My attitude. My streaks have been broken, sometimes for long periods, but I don’t beat myself up anymore. One tough year I challenged myself to post for just one month. That led to another and I was soon back on the wagon.
My competency. Google and Facebook send those “On This Day” memories. Although the memory is pleasing, the quality can be embarrassing. But it shows me that I'm improving thanks to the group’s support and inspiration. And thanks to a better camera!
My confidence. I actually might post a selfie with little make-up! (I didn’t say “none!” ;-) )
Tremendously! I went from “f stop-what” and “iso-huh” to totally understanding my camera and owning it. I can problem solve by thinking it through. I owe that to PRACTICE PRACTICE PRACTICE which is exactly what taking a picture a day does. I also really study the photos of our fabulous members and learn something everyday. After all these years, I’ve developed my own style and that was a major goal for me.
Here is an image from each member of the Creative Team taken during the first week of this year.
We have included the technical information for each of our photos.
Iphone 11 26mm lens ISO 160 SS 1/60 Aperture f1.8
Canon 6D Mark II with my 24-105mm lens at. 24mm ISO 5000 SS 1/160 Aperture f5
I edited in Lightroom by increasing exposure, lifting the shadows and increasing the vibrancy. I also used the denoise feature to cut down the grain.
I started my 365 project the year Charlie was born (2017). My goal was to document his childhood by taking at least one photo of Charlie each month. For the most part, I’ve actually stuck to that goal. He is most definitely my number one photography subject. This photo is my first of Charlie for 2024 and I included the walker as it documents the fact that I’m currently recuperating from knee surgery.
Canon 5D Mark IV Canon 100mm macro lens ISO 640 SS 1/125 Aperture f4
I edited the photo in Lightroom with these adjustments: Reduced Highlights Increased shadows Increased clarity Increased whites Reduced orange and green saturation Added a light vignette.
Nikon D850 85mm prime lens ISO 520 SS 1/125 Aperture f 5.6
Edited in Photoshop to increase contrast, add warmth, add a vingette.
I like to document the things I make throughout the year. Most of the things that I knit have a story about why I made it, where I bought the yarn, where I was knitting, who received it. I like to include those pieces of the story in my photos if possible.

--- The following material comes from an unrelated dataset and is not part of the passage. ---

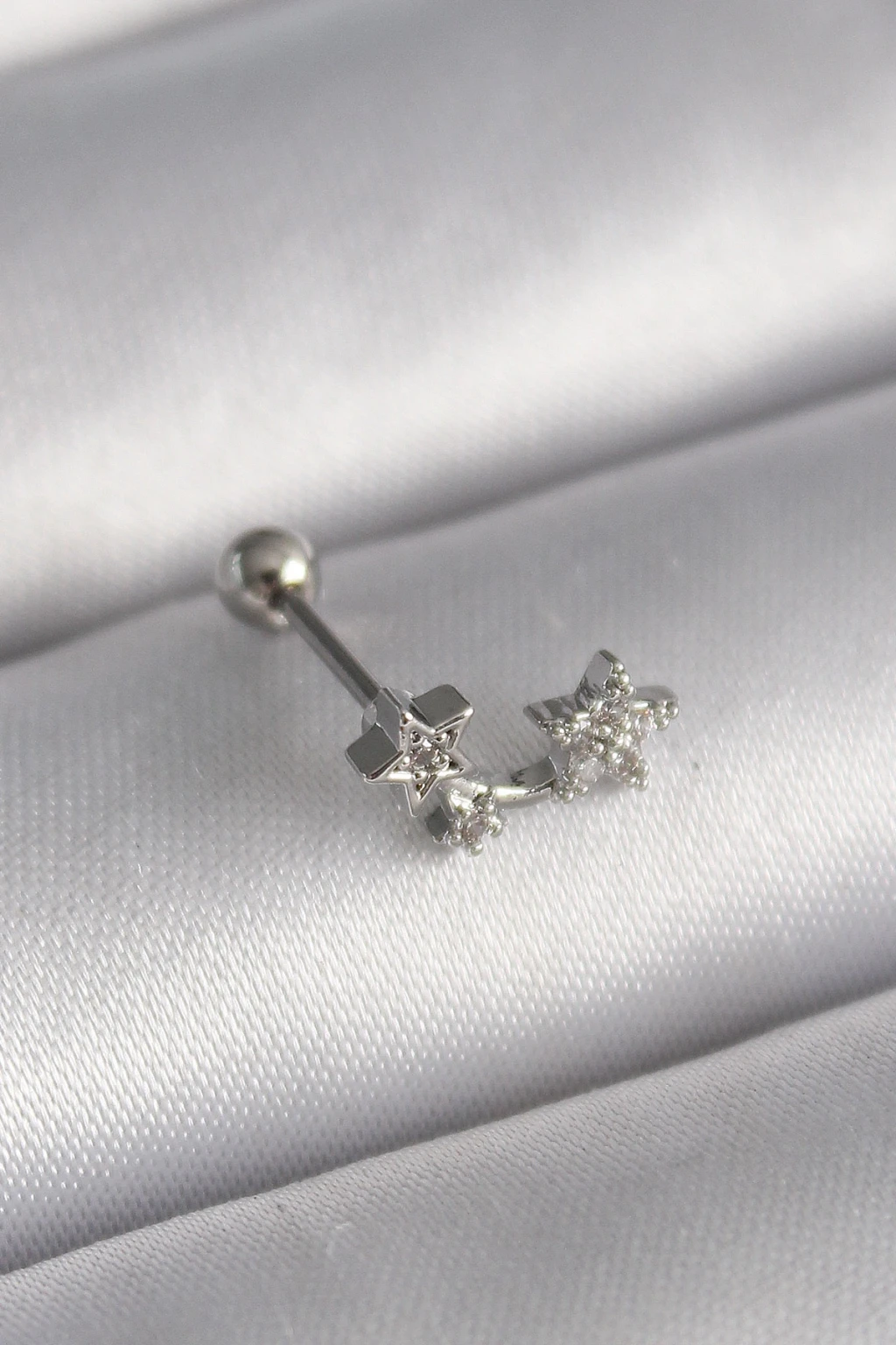 316L Çelik Gümüş Renk Zirkon Taşlı Yıldız Model Tragus Piercing - TJ-PR1353

Canon EOS R5 - Lens - EF100mm f/2.8L Macro IS USM - 1/1250 sec at f/3.5, ISO 800
Edited in Lightroom Classic - I cropped slightly so the that on one side wasn't spoiling the vibe. I used the Preset: Surreal Edge Effect - Strong , then lower the Exposure, Blacks, upped the Texture, Contrast, Vibrance and the Delhaize Amount, all this helped to see the snow flakes.

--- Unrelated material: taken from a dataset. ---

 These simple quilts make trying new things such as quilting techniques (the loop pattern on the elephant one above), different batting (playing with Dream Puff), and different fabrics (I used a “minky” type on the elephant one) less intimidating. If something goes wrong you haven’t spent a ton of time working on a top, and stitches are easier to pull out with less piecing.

Sony a6000 mirrorless ISO 400, SS 1/13 (to blur the broom) Aperture f18
My day-one photo--sweeping the old out the front door--checked some resolution boxes: using a self-timer, a tripod, and applying edits. Luckily that morning, no one noticed my set-up on the front porch! In Photoshop, I applied and distorted the text with “Motion Blur.” I also wanted this photo to remind me of resolutions for personal growth.
canon EOS R with RF24-105 mm lens ISO 640 SS 1/60 Aperture f4
The only post processing I did was change the exposure just a tiny bit in Lightroom.
Whatever your "WHY" and however you choose to approach and execute your photo project is the right way. Know that we, the Creative Team, as well as the many talented members of this community are always here and willing to answer any questions that you may have or to give you support and encouragement when you feel like the creative juices aren't flowing as freely as you would like.